Sky Italia S.r.l. is an Italian satellite television platform owned by the American media conglomerate Comcast. Sky Italia also broadcasts three national free-to-air television channels: TV8, Cielo and Sky TG24. As of 2018, following an agreement with Mediaset, Sky Italia also operates a series of subscription-based terrestrial channels offering sports, entertainment, and movies. Sky Italia is also the major sports broadcaster in Italy.

Pay TV services on Sky Italia satellite platform are encrypted in NDS VideoGuard.

History
Sky Italia was founded on 31 July 2003 by the merger of TELE+ and Stream TV.

Sky Italia uses the Hot Bird 13B satellite at 13.0°E.

On 28 June 2010, Sky Italia changed its brands and logos, making them identical to the BSkyB ones.

On 1 October 2010, Sky activated its first 3D channel, Sky Sport 3D, available without any extra cost to the Sport pack subscribers. The very first event Sky Sport 3D aired was the 2010 Ryder Cup. On 25 December 2010, Sky launched another 3D channel: Sky Cinema 3D, airing 3D movies, available for free for Cinema pack subscribers. These channels have been replaced by Sky 3D on 6 September 2011, then closed on 16 January 2018.

Tom Mockridge, the then head of Sky Italia replaced Rebekah Brooks as chief executive of News International after she had resigned on 15 July 2011.

Andrea Zappia replaced Tom Mockridge as CEO on 1 August 2011. On 7 October 2011 Sky Italia announced it reached the 5 million subscribers benchmark.

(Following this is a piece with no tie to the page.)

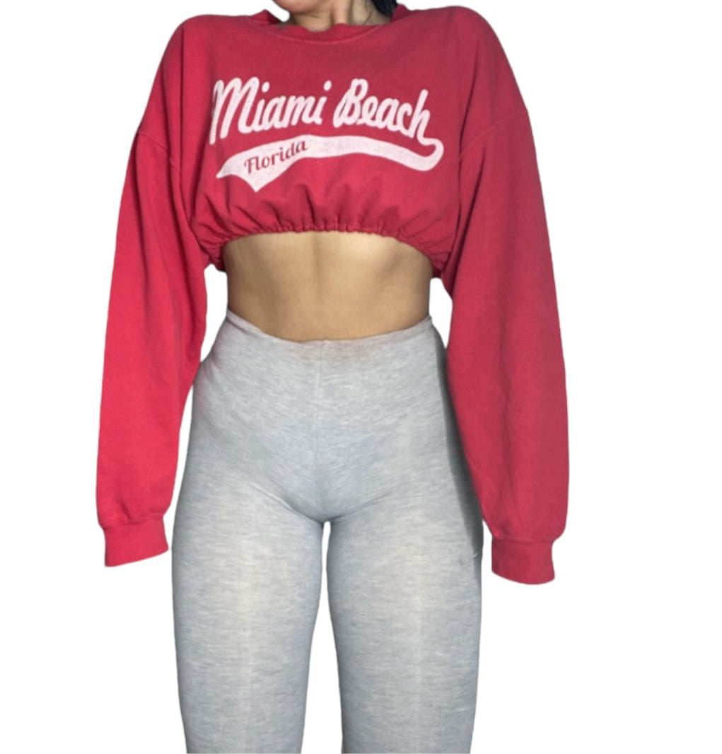 reworked custom Miami Beach Florida Crop Crewneck Sweatshirt

Following News Corporation's split into two on 28 June 2013, to create two separate companies, 21st Century Fox (the re-branded News Corporation), and the spin-off company New News Corp, the 100% stake held by News Corporation in Sky Italia was retained by the re-branded 21st Century Fox.

Following media speculation, on 12 May 2014 Sky Italia's sister company, BSkyB, confirmed that it was in talks with its largest shareholder, 21st Century Fox, about acquiring 21st Century Fox's 57.4% stake in Sky Deutschland and its 100% stake in Sky Italia. The enlarged company would be likely to be called "Sky Europe" and it will consolidate 21st Century Fox's European digital TV assets into one company. The sale was announced on 25 July 2014 which was subject to regulatory and shareholder approval. The acquisition was completed on 13 November.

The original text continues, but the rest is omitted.